In 1992, Communication Studies professor at the University of San Diego, Thomas O’Rourke, moved to Harbin Hot Springs where he spent the next seven years becoming involved in the community.  

O’Rourke now lives in San Diego, but still has many friends who live in Harbin Hot Springs. He explains that he still knew many of the people that worked and lived at the Hot Springs.

“There were about 280 people currently [residing] and I probably knew half of them very well,” O’Rourke said.

O’Rourke explained that he works in marketing communications for Harbin Hot Springs now, which includes responsibilities from sending out a newsletter to hiring security. O’Rourke has been up to date with the situation and touched on how the community has been dealing.

“Just the last 24 hours has been especially tough,” O’Rourke said. “They are actually dealing with the situation rather well. I am really impressed with how well they are doing. For many of them they lost all of their possessions, then they lost their house or apartment or wherever they were living, that doesn’t exist anymore. Then they lost their job. Harbin, because it is burned, terminated everyone yesterday. Now they have no job.”

Harbin Hot Springs not only employed many people, it also served as a place of belonging. O’Rourke finds it disheartening that so many adults have lost their home.  

“The two things that really strike me now is that many of them have lost their place,” O’Rourke said. “As an adult you are attracted to move somewhere because of the place. They moved there for this place, and it burned down. They have lost their community; most people will be packing up and moving. Everything was taken from them, it is just shocking.”

The Harbin Hot Springs Health and Pleasure Resort was built in 1870. Spanning over 5,000 acres of land, the facility had many Victorian-looking buildings. Because of how destructive the fire was, many of these building were lost. O’Rourke hopes that the resort will recover in some form.

“It will never be what it used to be; there were old historic buildings and all of that is gone,” O’Rourke said. “Will it someday open up again? Will it come back in some form? Probably. But how long that will take and what that form will be I don’t know. I can’t imagine.”

While the Harbin community suffers, many neighboring communities have come to their aid. O’Rourke started a fundraiser with a couple of colleagues to help the survivors.
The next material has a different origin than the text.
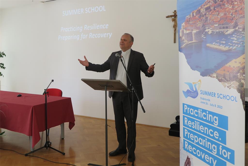 Pozdravljajući okupljene studente, predavače, profesore, organizatore i uzvanike dubrovački biskup mons. Roko Glasnović je podsjetio kako je Isus Krist – Mir naš te poželio da ova ljetna škola „potakne duh zajedništva, solidarnosti, razumijevanja i pomoći svima“. Prisjetio se i ratnih stradanja u Hrvatskoj koja su ostavila traga na mnogima te zaključio svoje obraćenje blaženstvom: Blago mirotvorcima – oni će se sinovima Božjim zvati.

“I set up a fundraising campaign with one of the managers and so far we have raised more than $100,000 in PayPal donations,” O’Rourke said. “And that will go directly to the residents.”  
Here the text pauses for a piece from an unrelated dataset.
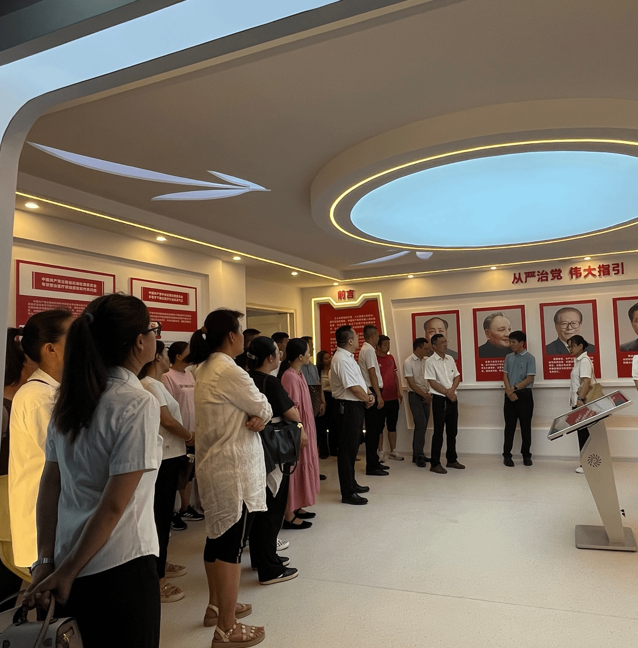活动伊始,讲解员带领大家在序厅观看警示教育片,深入剖析了腐败行为产生的根源和严重后果,给大家带来了强烈的心灵震撼。其次,观看切实发生在身边的卫健系统内部的警示案例,全体参观人员从这些案例中吸取教训,时刻高悬利剑保持清醒的头脑,照镜子正衣冠并自觉抵制各种诱惑,做到警钟长鸣。最后,参观阳光厅内展示的卫生健康系统的先进典型代表的先进事迹。

While Professor O’Rourke explained that help has been needed, he went on to say that there was nothing else that can be done right now. The residents have everything they need in terms of emergency supplies. O’Rourke himself will be going to Harbin next week to assist the residents and help them look for their lost possessions.

O’Rourke reminisced about the special qualities that Harbin had, in its heyday.
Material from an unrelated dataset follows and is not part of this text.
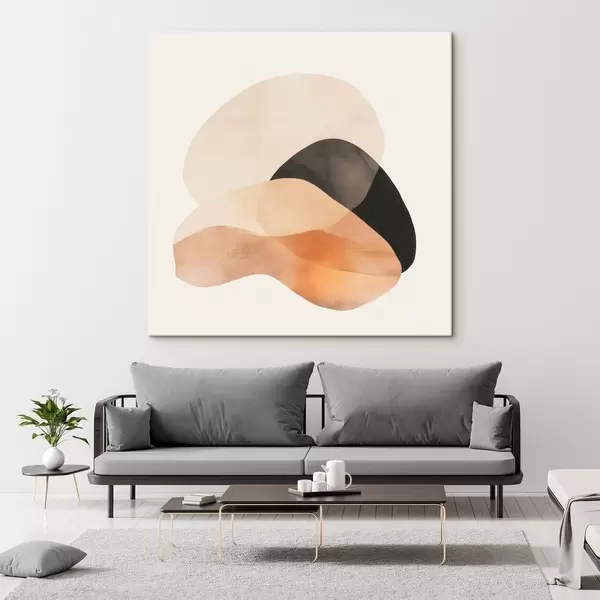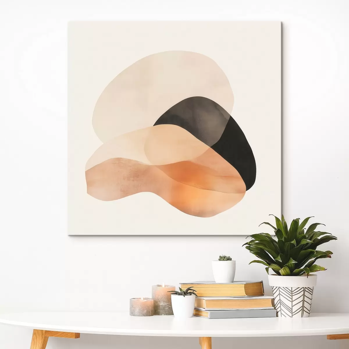 Schilderij Abstracte vormen in een beige-perzikkleurig palet met donkere accenten in minimalistische stijl Art. s48863

“It was a multi-million dollar retreat center but it still had the hippie flavor,” O’Rourke said.

“They were doing yoga there before everybody else was doing yoga. They were doing mediation before everyone else was doing it. It was a place where the children were born in tepees and had floral names. They hung onto the great things that came out of the 60s and 70s like better eating, holistic health and honest open communication. The guys had long hair and the women had peasant dresses.”

While much of the place is gone, O’Rourke and many of its residents still have the memories of such a sanctuary.

“It was a super beautiful place,” O’Rourke said. “It was a very meditative quiet world, a beautiful accepting place. Anyone could come there and be and feel okay.”

O’Rourke strongly advised organizations and institutions to invest in some sort of emergency plan, to avoid the frustration that the community members of Harbin endured.

While the fire has been 75 percent contained, the residents have lifetimes of ashes to comb through, in the hopes of discovering treasured keepsakes and beloved mementos.